Han transcurrido 17 días en  el Juicio por Genocidio y delitos contra los deberes de humanidad en donde están siendo juzgados Efraín Ríos Montt  y José Rodríguez Sánchez.

Durante este tiempo hemos sido testigas y testigos de la fortaleza del pueblo Ixil. Ellas y ellos han contado a la Juez Jazmín Barrios, del Tribunal de Mayor riesgo A,  la historia y la verdad de todo un pueblo que sufrió el terror implementado por el Gobierno de Guatemala en los años 1982 y 1983. 
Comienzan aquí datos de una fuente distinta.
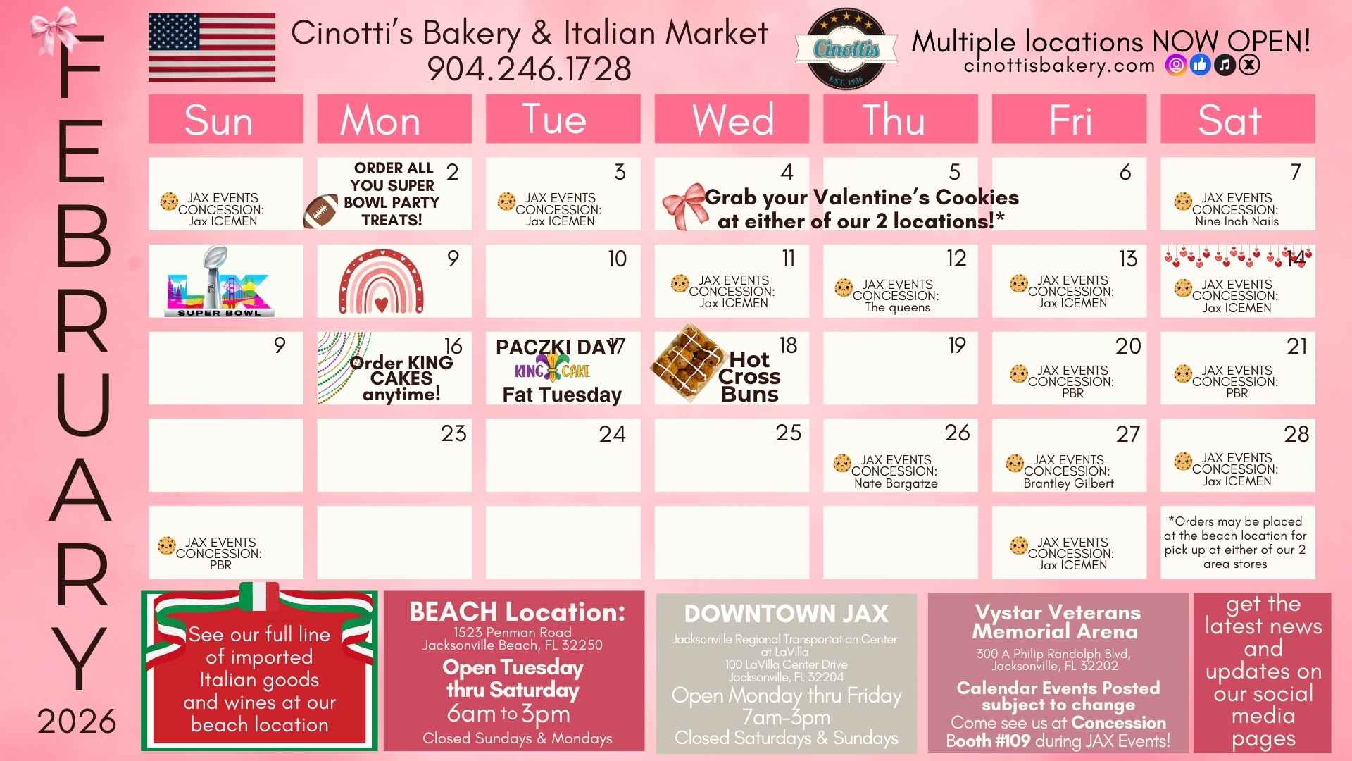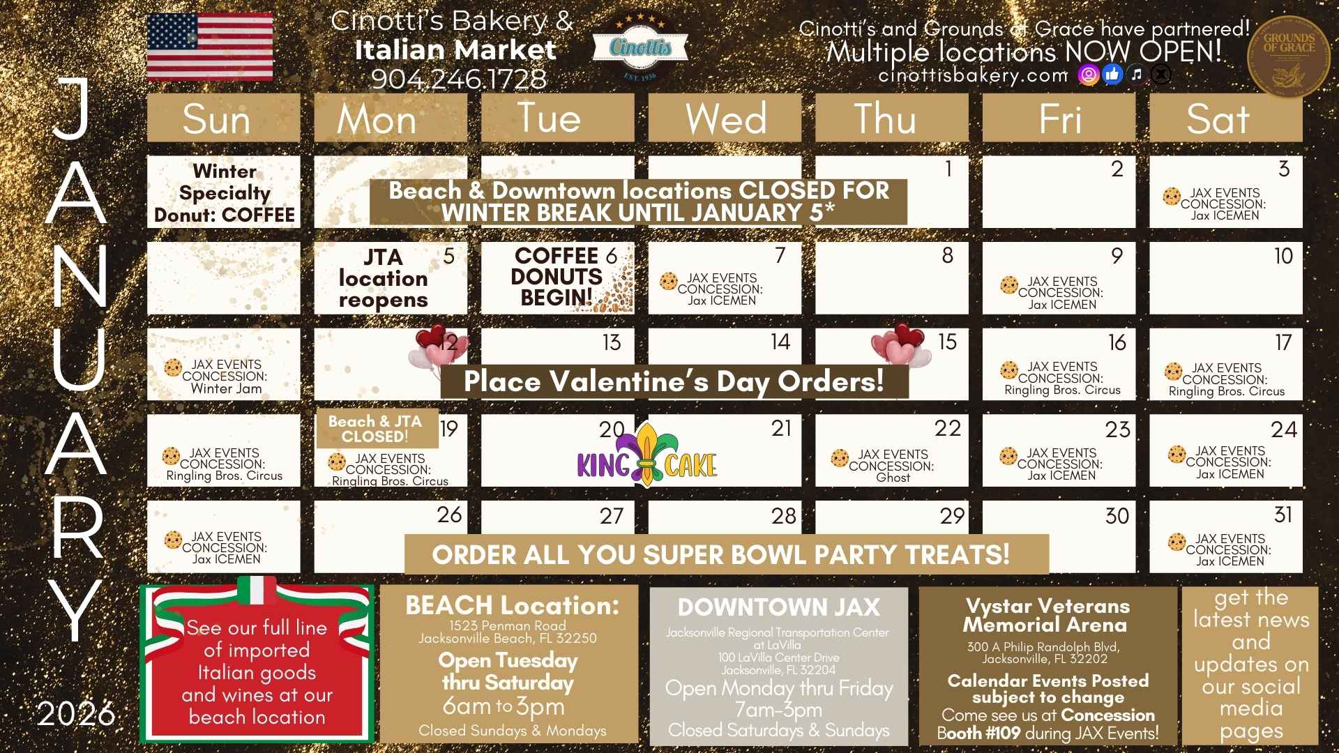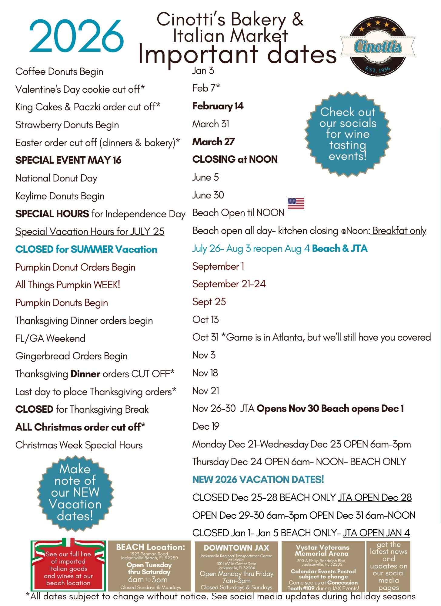 Custom cookie orders require minimum 5 business day notice. All other orders require a 48-hour minimum notice. This is subject to change during peak holiday times. Wine Gift Cards Order Online Italian Market King Cakes Valentine's Day DONUTS PASTRIES CUPCAKES HOLIDAY CAKES BREADS ONLINE ORDERS Italian Market COOKIES DANISH PIES KITCHEN MENU [/et_pb_column]
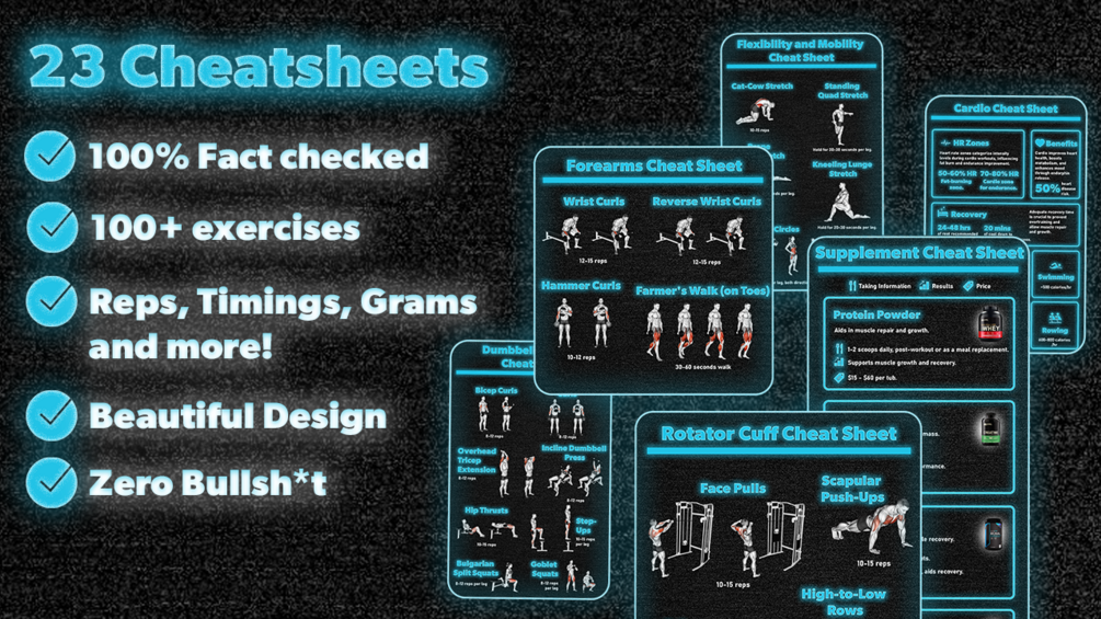 We have frustrated ourselves so you don't have to. This bundle of 23 Fitness Cheat Sheets has the information you need, when you need it. No more time wasted searching, just the thing you want to know. All are Fact checked, beautiful designed and clear so that you find what you need in mere seconds.

El debate por parte del Ministerio Público y la parte querellante ha demostrado los años de trabajo  que ha llevado todo este proceso.  Para  el pueblo Ixil como para las miles de personas víctimas del Genocidio  esto representa la oportunidad de nombrar la verdad y reivindicar la memoria. 

En varios testimonios lo han hecho saber: “Queremos Justicia”. Sobre todo porque esto representa un precedente en la historia del país, pero también, es el inicio  de un camino que lleva al pueblo a poder desenmascarar los poderes que siempre han sumido a Guatemala en el miedo, el dolor y la pobreza. 

Frente a la esperanza de  las personas presentes en la sala de audiencia que piden Justicia, está el otro lado: militares activos y retirados, sus familiares, el CaCIF y el gobierno actual, que quieren seguir negando que en el país hubo Genocidio. 

Mediante a los símbolos de miedo y de terror que siempre los han caracterizado, han lanzado una campaña mediática y política que  lleva como objetivo generar miedo, desinformación y polarización.

Este tipo de mensajes como el boletín “La Farsa del Genocidio”,  lanzada por la “fundación contra el terrorismo”  solo demuestran la falta de calidad y madurez política que se tiene, sobre todo porque ante un proceso legal que está siendo respetuoso, se lancen este tipo de campañas violentas. 

Parte de esta estrategia es la posición de la defensa que, lejos de mostrar un litigio en donde ellos cumplan con su trabajo de defender, retrasa el proceso al presentar amparos y recusaciones.  Pero la evidencia más clara es el papel que hacen durante la audiencia en donde insisten en desvirtuar pruebas y en protestar por una supuesta parcialidad.

Duele e indigna ver la actitud de esta defensa, en un papel  de mediocridad y prepotencia, duelen también todos los símbolos del terror que familiares de los militares presentan frente a pueblo Ixil.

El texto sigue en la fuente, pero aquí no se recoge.